TASK PROMPT: Transcribe every entry word for word, leaving out all images.

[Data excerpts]
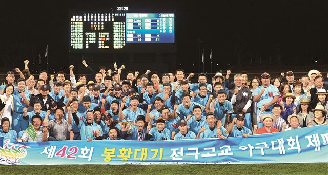 군산상고와의 결승전에서 접전 끝에 연장 13회 4-3 끝내기 승을 거뒀다.
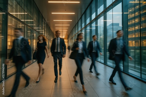Business People Walking in Modern Office Building:A diverse group of business professionals stride purposefully through a sleek, modern office building.
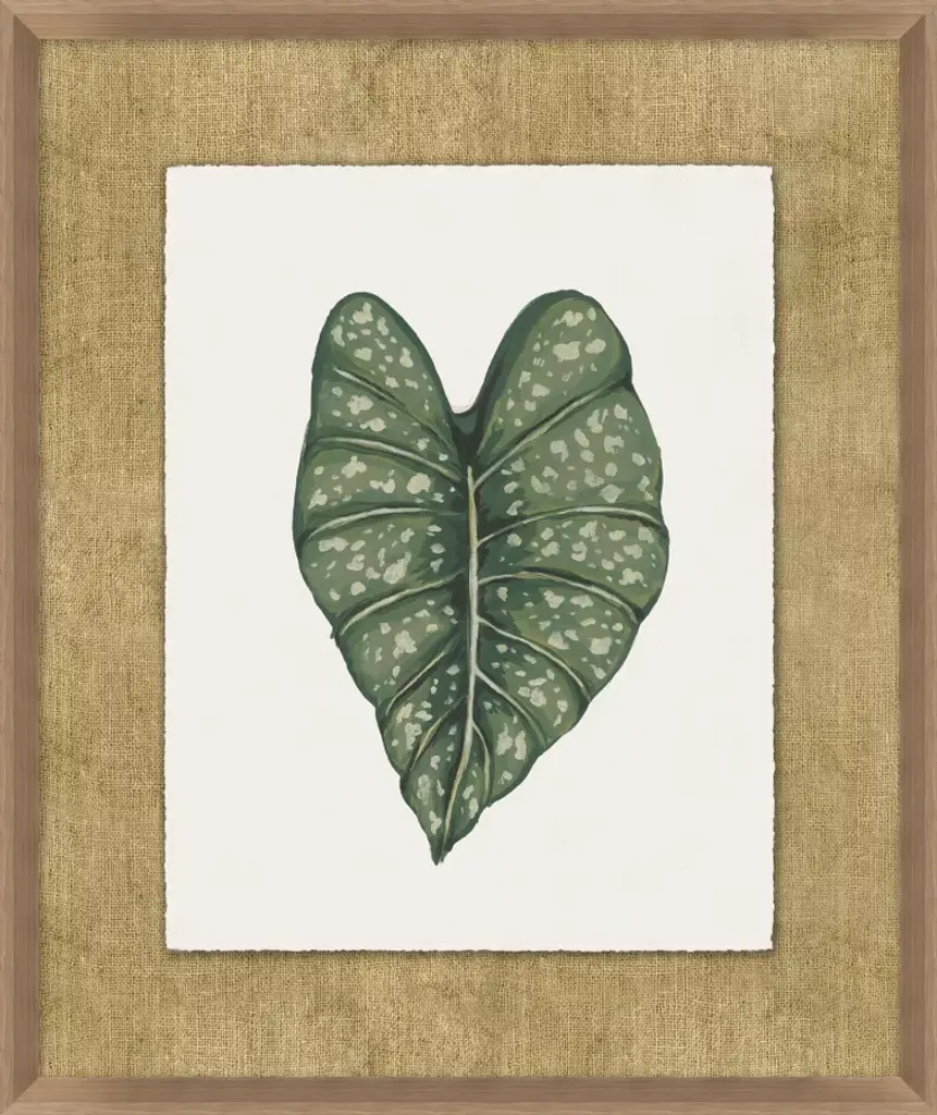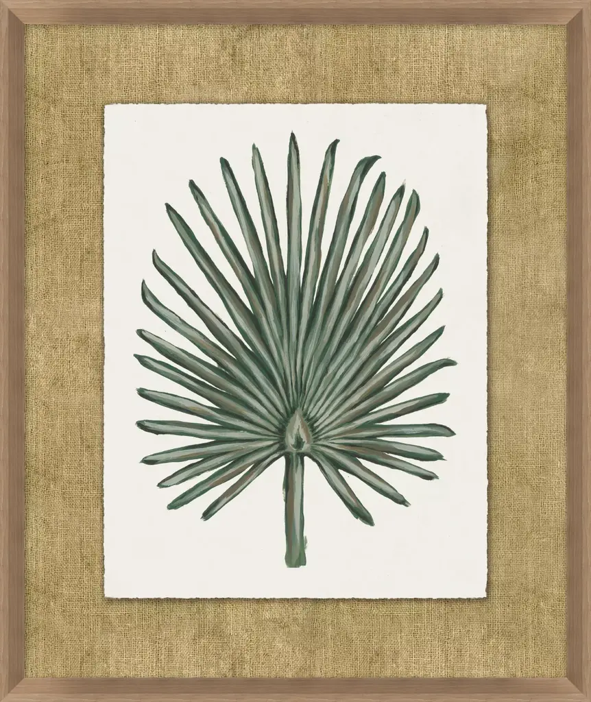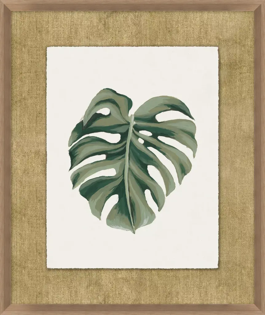 Inspired by mid-century botanical art, Timeless Tropics is a giclée on matte paper of various tropical plant leaves. Each piece has been deckled and floated on a fabric mat with a wood frame in a light brown, walnut finish. This wall art can be styled on its own or as a gallery wall with the coordinating pieces in this collection.
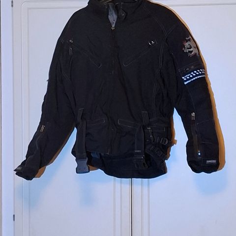 Rukan coretex ajotakki koko 38, hieman vanhempaa mallistoa joten reilu koko. Tikkivuori irrotettavissa. Suojat kyynärpäissä ja olkapäissä. Hyvät kiristykset vyötäröllä. Taskut edessä tarrat ja vetoketjut. Hieman pidempi malli takaa. Hyvät heijastimet koko takissa. Ominaisuudet takissa tallella, hyvä ja siisti.
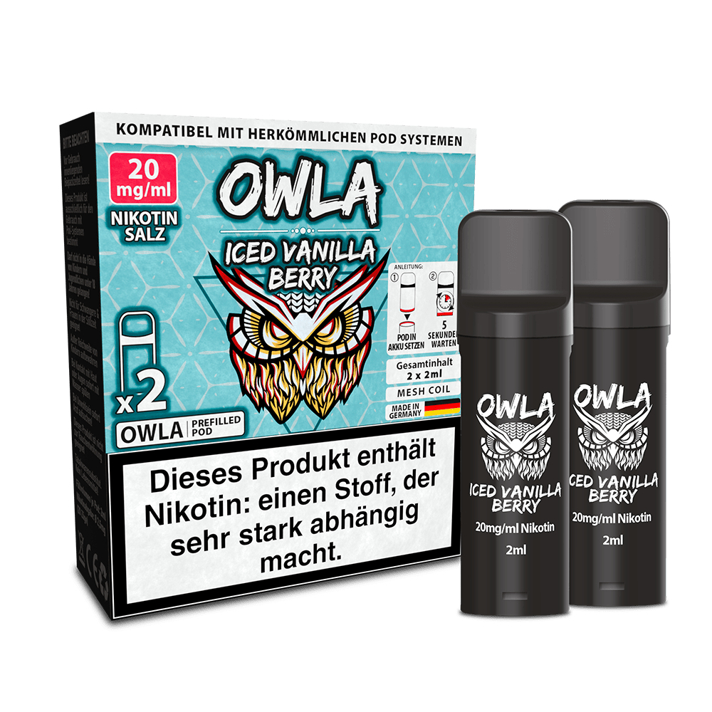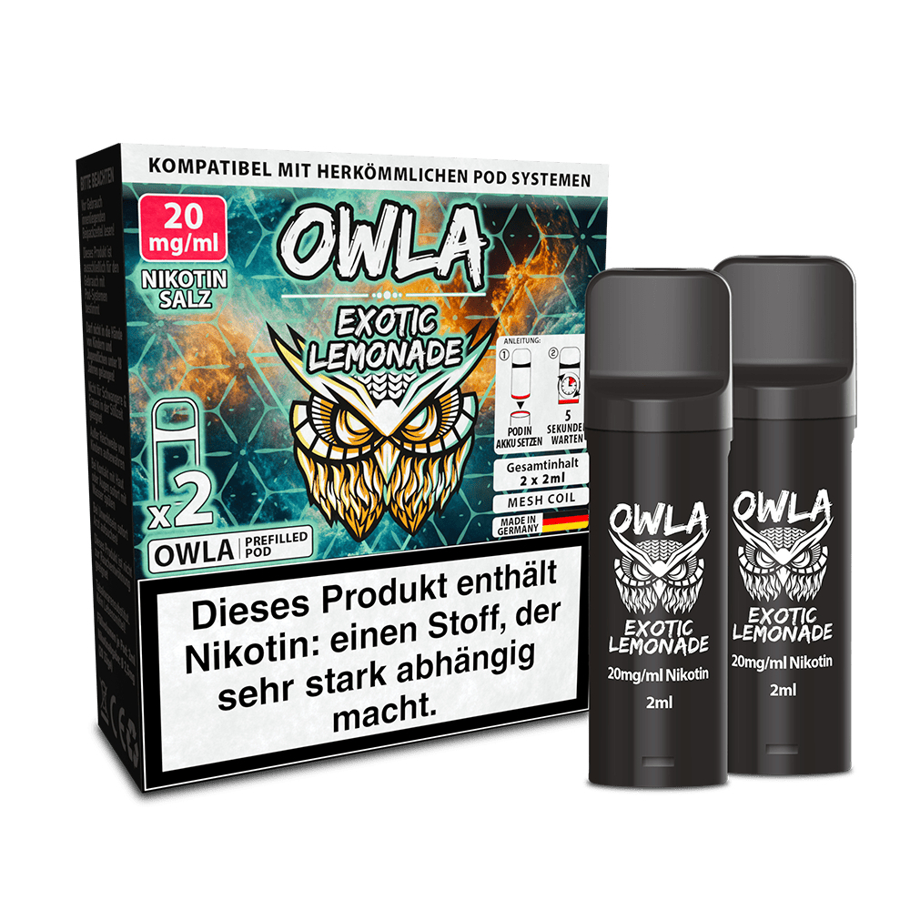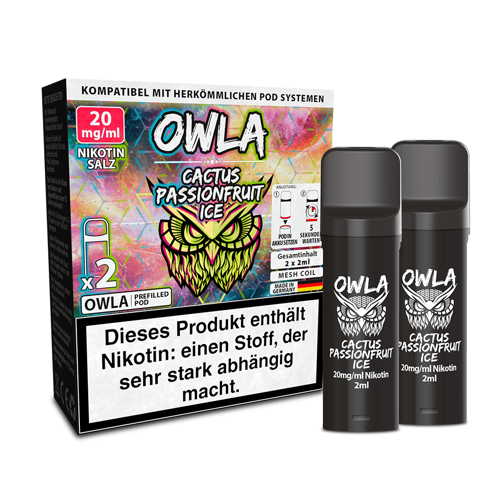 Owla Pods Cactus Passionfruit Ice verbindet den Geschmack von exotischer Passionsfrucht mit einer frischen Kaktusnote und einem kühlenden Ice-Effekt. Geschmacklich beginnt das Liquid mit der intensiven Passionsfrucht, die eine typische Mischung aus süßer Tropenfrucht und feiner Säure mitbringt. Dadurch wirkt das Aroma lebendig und nicht überladen. Die Fruchtbasis wird durch eine leichte Kaktusnote ergänzt, die dem Geschmack eine frische, leicht grüne Komponente verleiht. Abschließend sorgt der Ice-Effekt für eine angenehme Kühle, die das Aroma klarer wirken lässt und insbesondere beim häufigen Dampfen für Frische sorgt. Die Pods sind bereits mit Nikotinsalz-Liquid befüllt und für Pod-Systeme geeignet. Nikotinsalz ermöglicht eine schnelle Nikotinaufnahme bei gleichzeitig sanftem Zugverhalten, was besonders bei kompakten Pod-Systemen von Vorteil ist. Für die Verdampfung setzt Owla auf eine integrierte Mesh-Coil, die das Liquid gleichmäßig erhitzt. Dadurch entfalten sich die einzelnen Aromen klar und bleiben über die gesamte Nutzungsdauer stabil.
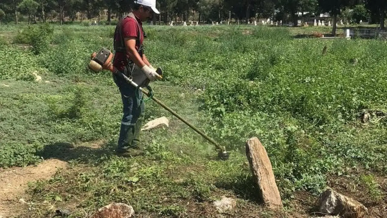 Belediye Başkanı Nedim Kaplan'ın talimatlarıyla Kurban Bayramı öncesi vatandaşların huzurlu bir şekilde mezarlık ziyareti yapmaları için mezarlıklarda başlatılan temizlik çalışmaları doğrultusunda mezarlık içerisindeki otlar temizlenirken, ağaçların bakımları gerçekleştirildi.
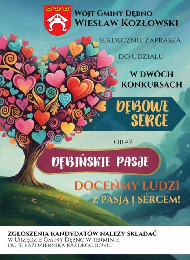 Wójt Gminy Dębno Wiesław Kozłowski, serdecznie zaprasza mieszkańców do zgłaszania kandydatów do nagród „Dębowe Serce” oraz „Dębińskie Pasje”.
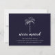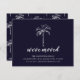 Tropisch bewegende Ankündigung mit einem Set aus Palmen auf schwarzblauem Hintergrund mit einem frischen und modernen Streifen hinten.
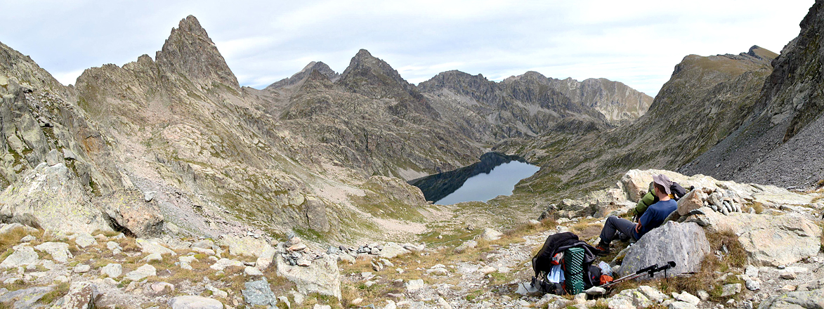 Blick von der Baisse de Valmasque (2549m) auf den Tete du Basto (2794m) und den Lac de Basto (2341m)

EXPECTED ANSWER:
 군산상고와의 결승전에서 접전 끝에 연장 13회 4-3 끝내기 승을 거뒀다.
Business People Walking in Modern Office Building:A diverse group of business professionals stride purposefully through a sleek, modern office building.
 Inspired by mid-century botanical art, Timeless Tropics is a giclée on matte paper of various tropical plant leaves. Each piece has been deckled and floated on a fabric mat with a wood frame in a light brown, walnut finish. This wall art can be styled on its own or as a gallery wall with the coordinating pieces in this collection.
 Rukan coretex ajotakki koko 38, hieman vanhempaa mallistoa joten reilu koko. Tikkivuori irrotettavissa. Suojat kyynärpäissä ja olkapäissä. Hyvät kiristykset vyötäröllä. Taskut edessä tarrat ja vetoketjut. Hieman pidempi malli takaa. Hyvät heijastimet koko takissa. Ominaisuudet takissa tallella, hyvä ja siisti.
 Owla Pods Cactus Passionfruit Ice verbindet den Geschmack von exotischer Passionsfrucht mit einer frischen Kaktusnote und einem kühlenden Ice-Effekt. Geschmacklich beginnt das Liquid mit der intensiven Passionsfrucht, die eine typische Mischung aus süßer Tropenfrucht und feiner Säure mitbringt. Dadurch wirkt das Aroma lebendig und nicht überladen. Die Fruchtbasis wird durch eine leichte Kaktusnote ergänzt, die dem Geschmack eine frische, leicht grüne Komponente verleiht. Abschließend sorgt der Ice-Effekt für eine angenehme Kühle, die das Aroma klarer wirken lässt und insbesondere beim häufigen Dampfen für Frische sorgt. Die Pods sind bereits mit Nikotinsalz-Liquid befüllt und für Pod-Systeme geeignet. Nikotinsalz ermöglicht eine schnelle Nikotinaufnahme bei gleichzeitig sanftem Zugverhalten, was besonders bei kompakten Pod-Systemen von Vorteil ist. Für die Verdampfung setzt Owla auf eine integrierte Mesh-Coil, die das Liquid gleichmäßig erhitzt. Dadurch entfalten sich die einzelnen Aromen klar und bleiben über die gesamte Nutzungsdauer stabil.
 Belediye Başkanı Nedim Kaplan'ın talimatlarıyla Kurban Bayramı öncesi vatandaşların huzurlu bir şekilde mezarlık ziyareti yapmaları için mezarlıklarda başlatılan temizlik çalışmaları doğrultusunda mezarlık içerisindeki otlar temizlenirken, ağaçların bakımları gerçekleştirildi.
 Wójt Gminy Dębno Wiesław Kozłowski, serdecznie zaprasza mieszkańców do zgłaszania kandydatów do nagród „Dębowe Serce” oraz „Dębińskie Pasje”.
 Tropisch bewegende Ankündigung mit einem Set aus Palmen auf schwarzblauem Hintergrund mit einem frischen und modernen Streifen hinten.
 Blick von der Baisse de Valmasque (2549m) auf den Tete du Basto (2794m) und den Lac de Basto (2341m)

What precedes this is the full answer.